>>>

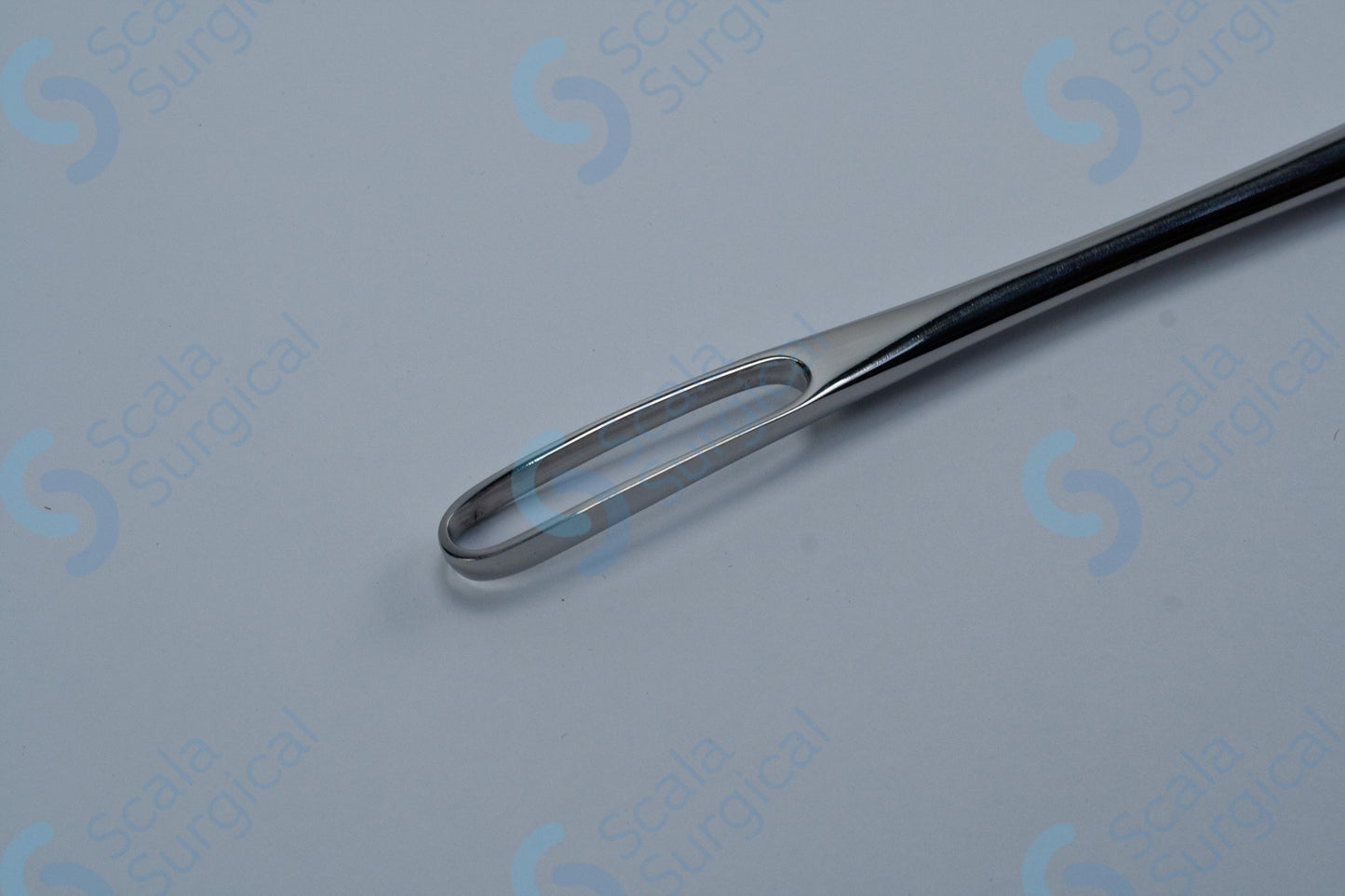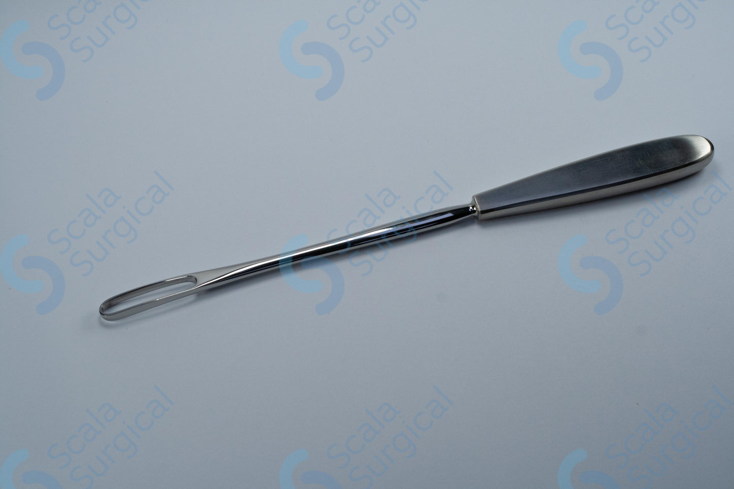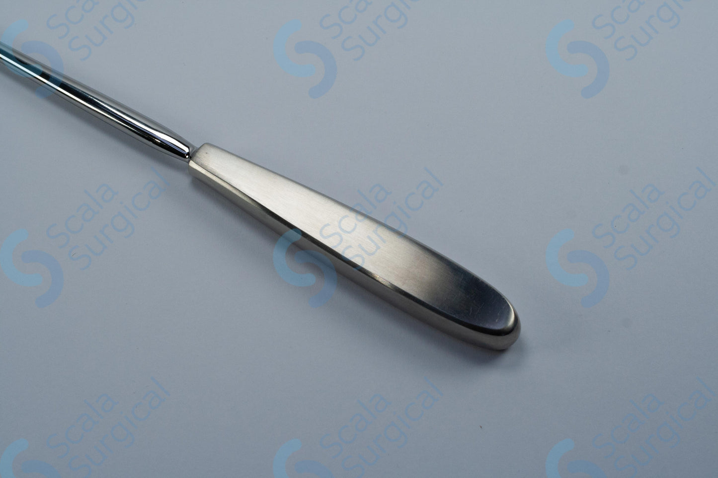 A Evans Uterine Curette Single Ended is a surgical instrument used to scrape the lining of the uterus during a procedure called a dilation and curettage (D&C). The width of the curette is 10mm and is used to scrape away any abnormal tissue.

<<<
>>>

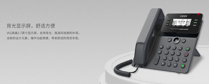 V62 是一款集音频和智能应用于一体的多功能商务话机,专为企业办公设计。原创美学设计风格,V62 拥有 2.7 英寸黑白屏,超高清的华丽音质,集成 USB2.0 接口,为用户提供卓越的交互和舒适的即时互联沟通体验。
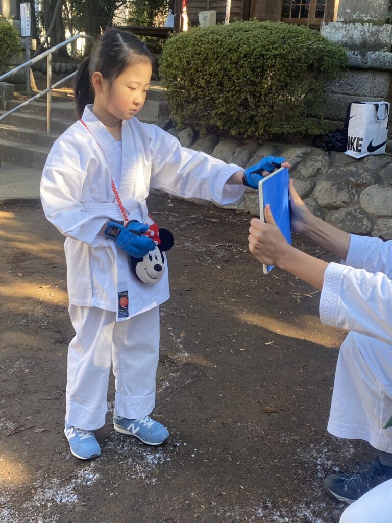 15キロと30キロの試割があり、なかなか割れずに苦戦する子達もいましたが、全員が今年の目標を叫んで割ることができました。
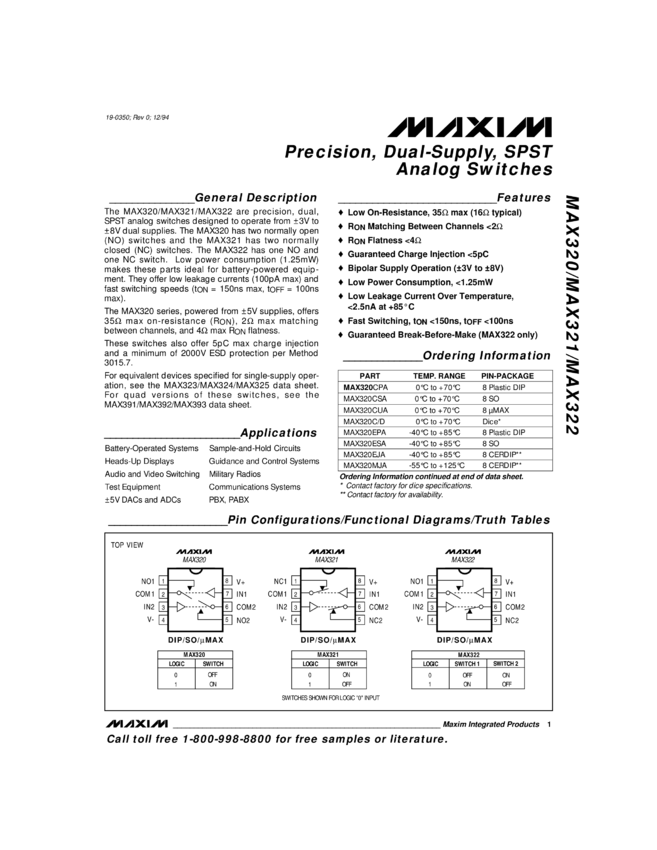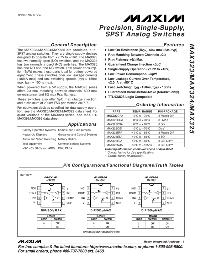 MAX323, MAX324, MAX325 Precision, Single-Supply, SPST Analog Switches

<<<

Look above for the line with "15キロと30キロの試割があ" and the line with "MAX323, MAX324, MAX325"; set down those two lines and all lines between them exactly, without pictures and without anything else.

 15キロと30キロの試割があり、なかなか割れずに苦戦する子達もいましたが、全員が今年の目標を叫んで割ることができました。
 MAX323, MAX324, MAX325 Precision, Single-Supply, SPST Analog Switches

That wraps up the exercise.